Let's say I have a struct
type row struct {
f1, f2, f3 string
v int64
}
We can imagine it as a row in a table.
Also, I need to implement a function which does aggregation like this query:
SELECT f1, f2, f3, SUM(v) FROM table GROUP BY f1, f2, f3
So, I have to implement function:
type key struct {
f1, f2, f3 string
}
func aggregate(t []row) map[key]int64
or if can be
func aggregate(t []row) map[string]row
where map key is, for instance, f1+f2+f3
func aggregate(t []row) []row
also works if result will include unique f1, f2, f3 combinations (DISTINCT f1, f2, f3)
I have two variants:
func aggregate1(t []row) map[key]int64 {
res := map[key]int64{}
for _, r := range t {
res[key{r.f1, r.f2, r.f3}] += r.v
}
return res
}
func aggregate2(t []row) map[string]*row {
res := map[string]*row{}
for _, r := range t {
var sb strings.Builder
sb.WriteString(r.f1)
sb.WriteString("#")
sb.WriteString(r.f2)
sb.WriteString("#")
sb.WriteString(r.f3)
id := sb.String()
t := res[id]
if t == nil {
t = &row{f1: r.f1, f2: r.f2, f3: r.f3, v: 0}
res[id] = t
}
t.v += r.v
}
return res
}
The first variant spends too much time in https://golang.org/pkg/runtime/?m=all#mapassign (runtime.mapassign)

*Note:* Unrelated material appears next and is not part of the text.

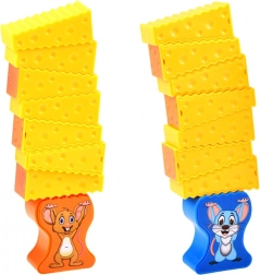 Das Stapelspiel hebt die Geschicklichkeit von Hand und Auge auf ein neues Niveau. Käsewürfel und Mäusefiguren bilden eine dynamische Herausforderung.
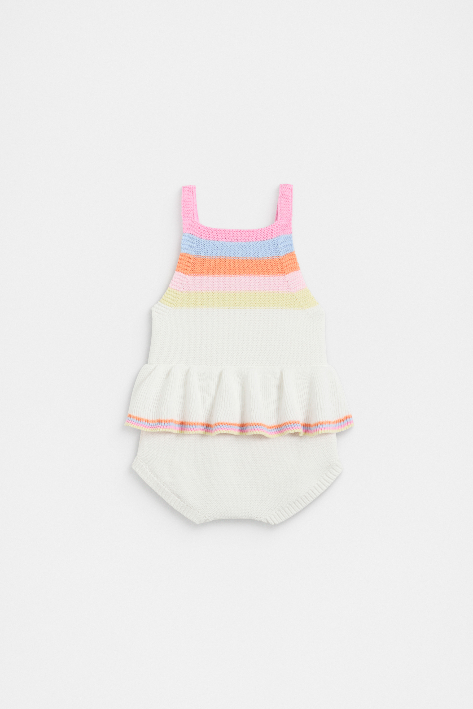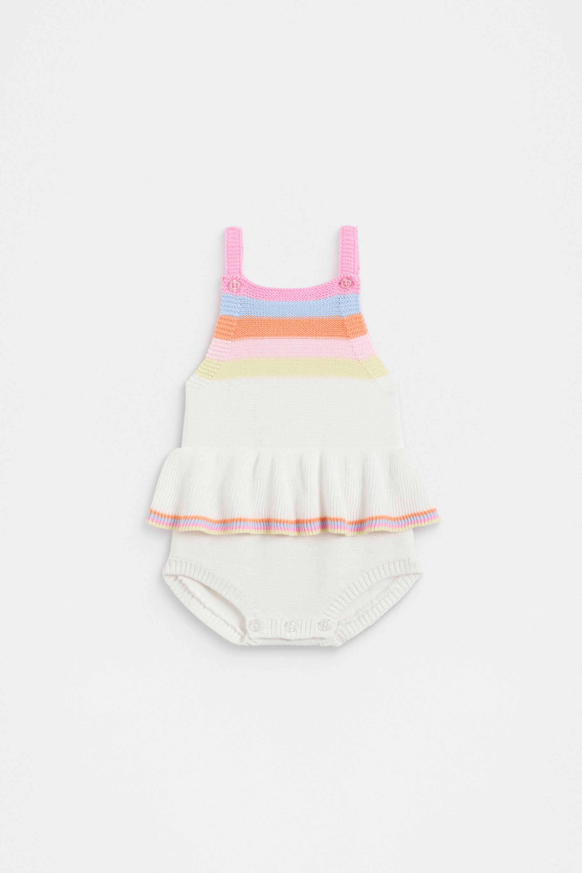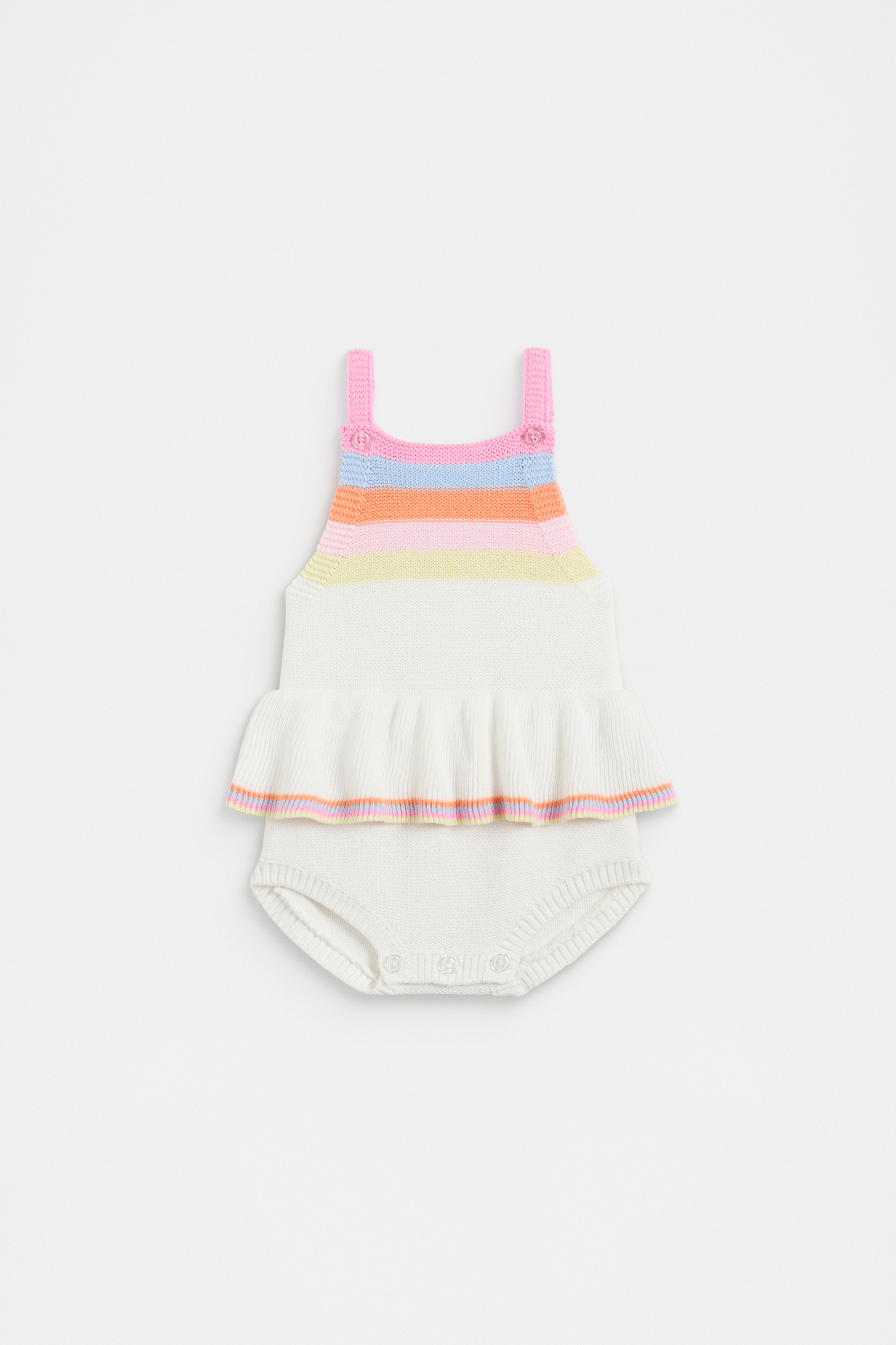 Playful and bright, this stripey romper is a cheerfully colourful design. Crafted in a premium cotton knit, it features adjustable straps, a frill skirt and buttons at the gusset for ease and wearability.

The idea of the second variant is to use faster https://golang.org/pkg/runtime/?m=all#mapassign_faststr (runtime.mapassign_faststr), but strings.Builder.WriteString eliminates all benefits from runtime.mapassign_faststr :(
So, can you suggest more ideas about how to implement this aggregation?
I am thinking about how to efficiently calculate "id" in the second variant. It should be unique. My variant is unique because f1, f2 and f3 can't include "#" character.